» WHAT IS EXPECTED
The records below must be transcribed precisely and in full.

Data entries
[Start of Attachment]

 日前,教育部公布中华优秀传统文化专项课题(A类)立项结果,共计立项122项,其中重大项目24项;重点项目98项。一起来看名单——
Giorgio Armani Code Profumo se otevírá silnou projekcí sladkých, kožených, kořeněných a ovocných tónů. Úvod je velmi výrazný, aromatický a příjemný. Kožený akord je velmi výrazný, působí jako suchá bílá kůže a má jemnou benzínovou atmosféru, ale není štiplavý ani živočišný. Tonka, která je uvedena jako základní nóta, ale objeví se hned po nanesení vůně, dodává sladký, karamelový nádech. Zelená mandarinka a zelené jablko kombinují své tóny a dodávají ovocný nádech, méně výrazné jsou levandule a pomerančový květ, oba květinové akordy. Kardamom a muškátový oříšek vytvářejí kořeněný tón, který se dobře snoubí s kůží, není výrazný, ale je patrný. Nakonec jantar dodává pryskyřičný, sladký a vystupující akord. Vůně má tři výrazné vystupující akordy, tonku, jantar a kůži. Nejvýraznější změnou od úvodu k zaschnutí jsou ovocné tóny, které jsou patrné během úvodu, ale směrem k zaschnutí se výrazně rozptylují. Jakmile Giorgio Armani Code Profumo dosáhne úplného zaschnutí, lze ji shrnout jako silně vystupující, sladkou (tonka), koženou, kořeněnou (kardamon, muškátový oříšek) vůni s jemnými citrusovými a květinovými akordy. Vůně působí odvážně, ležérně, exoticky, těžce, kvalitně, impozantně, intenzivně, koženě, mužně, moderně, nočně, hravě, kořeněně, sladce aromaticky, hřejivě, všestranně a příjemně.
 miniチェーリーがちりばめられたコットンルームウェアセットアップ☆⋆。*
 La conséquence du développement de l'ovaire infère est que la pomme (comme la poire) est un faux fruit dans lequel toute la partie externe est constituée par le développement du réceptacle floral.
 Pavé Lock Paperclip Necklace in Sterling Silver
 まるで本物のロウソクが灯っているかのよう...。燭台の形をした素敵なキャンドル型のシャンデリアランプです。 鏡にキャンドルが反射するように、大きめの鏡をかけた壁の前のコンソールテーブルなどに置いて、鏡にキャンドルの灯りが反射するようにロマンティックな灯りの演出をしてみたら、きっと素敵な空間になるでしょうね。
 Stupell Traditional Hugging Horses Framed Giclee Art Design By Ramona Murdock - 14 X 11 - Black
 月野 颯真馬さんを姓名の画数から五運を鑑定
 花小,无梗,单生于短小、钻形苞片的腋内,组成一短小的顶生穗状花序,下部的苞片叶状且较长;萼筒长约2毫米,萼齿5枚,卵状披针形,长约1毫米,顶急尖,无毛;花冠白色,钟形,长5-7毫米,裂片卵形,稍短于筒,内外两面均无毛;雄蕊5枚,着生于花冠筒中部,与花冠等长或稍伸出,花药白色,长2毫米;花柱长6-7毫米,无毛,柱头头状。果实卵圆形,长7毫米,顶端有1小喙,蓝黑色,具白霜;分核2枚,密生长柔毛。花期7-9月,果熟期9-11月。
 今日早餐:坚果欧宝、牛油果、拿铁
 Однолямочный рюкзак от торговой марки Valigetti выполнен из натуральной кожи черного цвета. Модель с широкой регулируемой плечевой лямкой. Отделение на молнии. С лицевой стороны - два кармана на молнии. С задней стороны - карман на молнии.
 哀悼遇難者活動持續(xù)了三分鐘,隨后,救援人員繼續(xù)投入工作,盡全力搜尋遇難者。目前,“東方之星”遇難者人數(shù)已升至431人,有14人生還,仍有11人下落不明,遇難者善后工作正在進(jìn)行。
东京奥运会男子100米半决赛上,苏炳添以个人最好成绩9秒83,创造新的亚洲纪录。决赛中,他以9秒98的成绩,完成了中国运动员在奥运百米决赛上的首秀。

[End of Attachment]

» TASK RESULT
 日前,教育部公布中华优秀传统文化专项课题(A类)立项结果,共计立项122项,其中重大项目24项;重点项目98项。一起来看名单——
Giorgio Armani Code Profumo se otevírá silnou projekcí sladkých, kožených, kořeněných a ovocných tónů. Úvod je velmi výrazný, aromatický a příjemný. Kožený akord je velmi výrazný, působí jako suchá bílá kůže a má jemnou benzínovou atmosféru, ale není štiplavý ani živočišný. Tonka, která je uvedena jako základní nóta, ale objeví se hned po nanesení vůně, dodává sladký, karamelový nádech. Zelená mandarinka a zelené jablko kombinují své tóny a dodávají ovocný nádech, méně výrazné jsou levandule a pomerančový květ, oba květinové akordy. Kardamom a muškátový oříšek vytvářejí kořeněný tón, který se dobře snoubí s kůží, není výrazný, ale je patrný. Nakonec jantar dodává pryskyřičný, sladký a vystupující akord. Vůně má tři výrazné vystupující akordy, tonku, jantar a kůži. Nejvýraznější změnou od úvodu k zaschnutí jsou ovocné tóny, které jsou patrné během úvodu, ale směrem k zaschnutí se výrazně rozptylují. Jakmile Giorgio Armani Code Profumo dosáhne úplného zaschnutí, lze ji shrnout jako silně vystupující, sladkou (tonka), koženou, kořeněnou (kardamon, muškátový oříšek) vůni s jemnými citrusovými a květinovými akordy. Vůně působí odvážně, ležérně, exoticky, těžce, kvalitně, impozantně, intenzivně, koženě, mužně, moderně, nočně, hravě, kořeněně, sladce aromaticky, hřejivě, všestranně a příjemně.
 miniチェーリーがちりばめられたコットンルームウェアセットアップ☆⋆。*
 La conséquence du développement de l'ovaire infère est que la pomme (comme la poire) est un faux fruit dans lequel toute la partie externe est constituée par le développement du réceptacle floral.
 Pavé Lock Paperclip Necklace in Sterling Silver
 まるで本物のロウソクが灯っているかのよう...。燭台の形をした素敵なキャンドル型のシャンデリアランプです。 鏡にキャンドルが反射するように、大きめの鏡をかけた壁の前のコンソールテーブルなどに置いて、鏡にキャンドルの灯りが反射するようにロマンティックな灯りの演出をしてみたら、きっと素敵な空間になるでしょうね。
 Stupell Traditional Hugging Horses Framed Giclee Art Design By Ramona Murdock - 14 X 11 - Black
 月野 颯真馬さんを姓名の画数から五運を鑑定
 花小,无梗,单生于短小、钻形苞片的腋内,组成一短小的顶生穗状花序,下部的苞片叶状且较长;萼筒长约2毫米,萼齿5枚,卵状披针形,长约1毫米,顶急尖,无毛;花冠白色,钟形,长5-7毫米,裂片卵形,稍短于筒,内外两面均无毛;雄蕊5枚,着生于花冠筒中部,与花冠等长或稍伸出,花药白色,长2毫米;花柱长6-7毫米,无毛,柱头头状。果实卵圆形,长7毫米,顶端有1小喙,蓝黑色,具白霜;分核2枚,密生长柔毛。花期7-9月,果熟期9-11月。
 今日早餐:坚果欧宝、牛油果、拿铁
 Однолямочный рюкзак от торговой марки Valigetti выполнен из натуральной кожи черного цвета. Модель с широкой регулируемой плечевой лямкой. Отделение на молнии. С лицевой стороны - два кармана на молнии. С задней стороны - карман на молнии.
 哀悼遇難者活動持續(xù)了三分鐘,隨后,救援人員繼續(xù)投入工作,盡全力搜尋遇難者。目前,“東方之星”遇難者人數(shù)已升至431人,有14人生還,仍有11人下落不明,遇難者善后工作正在進(jìn)行。
东京奥运会男子100米半决赛上,苏炳添以个人最好成绩9秒83,创造新的亚洲纪录。决赛中,他以9秒98的成绩,完成了中国运动员在奥运百米决赛上的首秀。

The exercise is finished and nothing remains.